Tuesday, December 7, 2004 Posted: 12:30 PM EST (1730 GMT) 

POMONA, California (AP) -- A 16-year-old boy pleaded guilty Monday to murdering a California Highway Patrol officer who was gunned down as he stood outside a courthouse in April.

Valentino Mitchell Arenas pleaded guilty to first-degree murder of Officer Thomas Steiner and admitted the special circumstances of murder of a police officer, lying in wait and murder during a drive-by shooting, said Deputy District Attorney Linda Loftfield.

The plea was entered as jury selection for trial was under way.

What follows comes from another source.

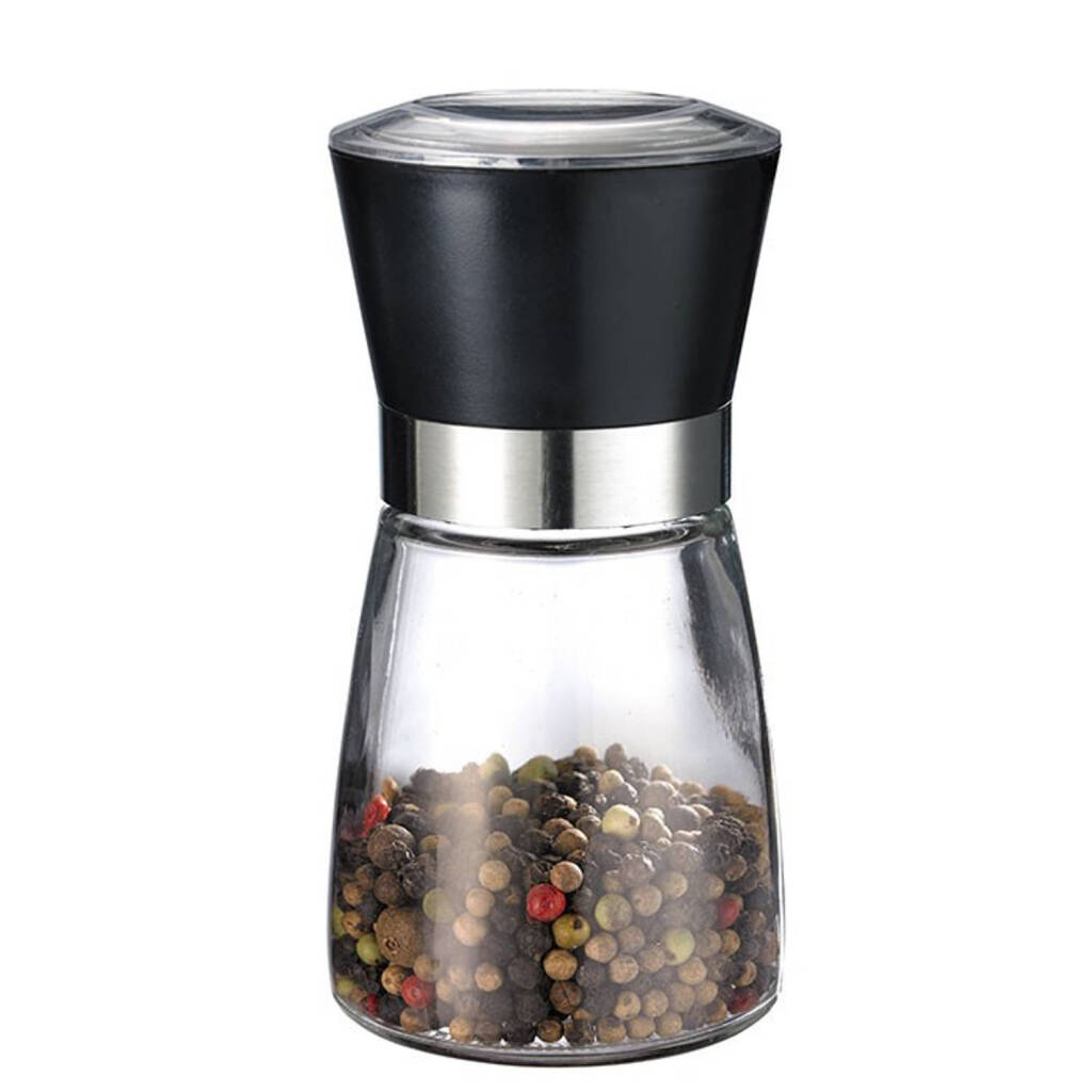EleganteWestmark glazen kruidenmolen voor het malen van droge kruiden zoals peper, grof zout en fleur de sel; ideaal voor gebruik in de horeca en thuis. Kleur: zwart/tranparant.

Arenas, who also admitted that the killing was gang-related, faces up to life in prison without possibility of parole when he is sentenced January 28.


----------



## Foxracingmtnridr (Feb 23, 2003)

Well atleast he's man enought to admit what he did and suffer the consequences for his actions. :roll: 


Scott c:


----------



## bbelichick (Aug 25, 2002)

SAPD @ Tue Dec 07 said:


> Well atleast he's man enought to admit what he did and suffer the consequences for his actions. :roll:
> Scott c:


Sure. In order to avoid the Death Penalty, but I guess he's still a stand-up guy.
:evil:


----------



## kttref (Oct 5, 2004)

Speaking of the death penalty, we're having our the first one in 40 years next month....should be interesting. Thankfully the Gov. said she's not going to stop it.


----------



## Foxracingmtnridr (Feb 23, 2003)

bbelichick @ Tue 07 Dec said:


> SAPD @ Tue Dec 07 said:
> 
> 
> > Well atleast he's man enought to admit what he did and suffer the consequences for his actions. :roll:
> ...


I'm not saying he's a stand up guy. I'm just saying atleast he's not trying to lengthen out the case so that the family has to have more pain then they already have. IMO he's a douchebag that should be severely beaten then cut then shot then oc'd then thrown in the chair and fried.

Scott :santa:


----------